*** Opening Given material ***

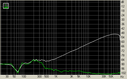 На высоких частотах видно увеличение взаимопроникновения каналов. Уровень вполне приемлемый, единственное, при подключении не напрямую к звуковому интерфейсу а через недорогой пульт, итоговое взаимопроникновение каналов может стать уже заметным на слух. Например, у пульта Behringer UB502 взаимопроникновение каналов примерно на 15 дБ выше, при аналогичном характере графика.
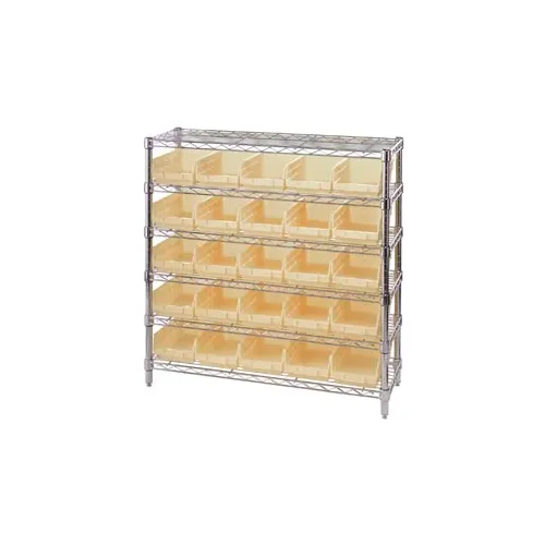 Global Industrial Chrome Wire Shelving with 25 4"H Plastic Shelf Bins Stone, 36x14x36
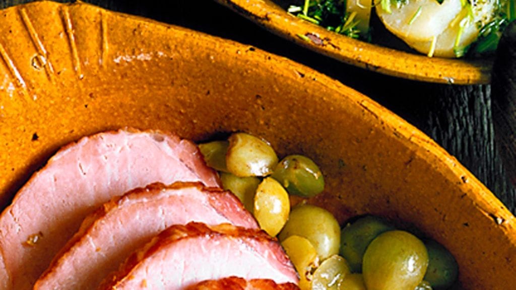 2. Aseta kasslerviipaleet uunivuokaan. Halkaise rypäleet ja poista siemenet, laita vuokaan. Kaada päälle viini. Laita uuniin kunnes liha on lämmennyt.

*** Closing Given material ***

Activity - Once more, give the listing above exactly, leaving each picture out.

Task solution -
 На высоких частотах видно увеличение взаимопроникновения каналов. Уровень вполне приемлемый, единственное, при подключении не напрямую к звуковому интерфейсу а через недорогой пульт, итоговое взаимопроникновение каналов может стать уже заметным на слух. Например, у пульта Behringer UB502 взаимопроникновение каналов примерно на 15 дБ выше, при аналогичном характере графика.
 Global Industrial Chrome Wire Shelving with 25 4"H Plastic Shelf Bins Stone, 36x14x36
 2. Aseta kasslerviipaleet uunivuokaan. Halkaise rypäleet ja poista siemenet, laita vuokaan. Kaada päälle viini. Laita uuniin kunnes liha on lämmennyt.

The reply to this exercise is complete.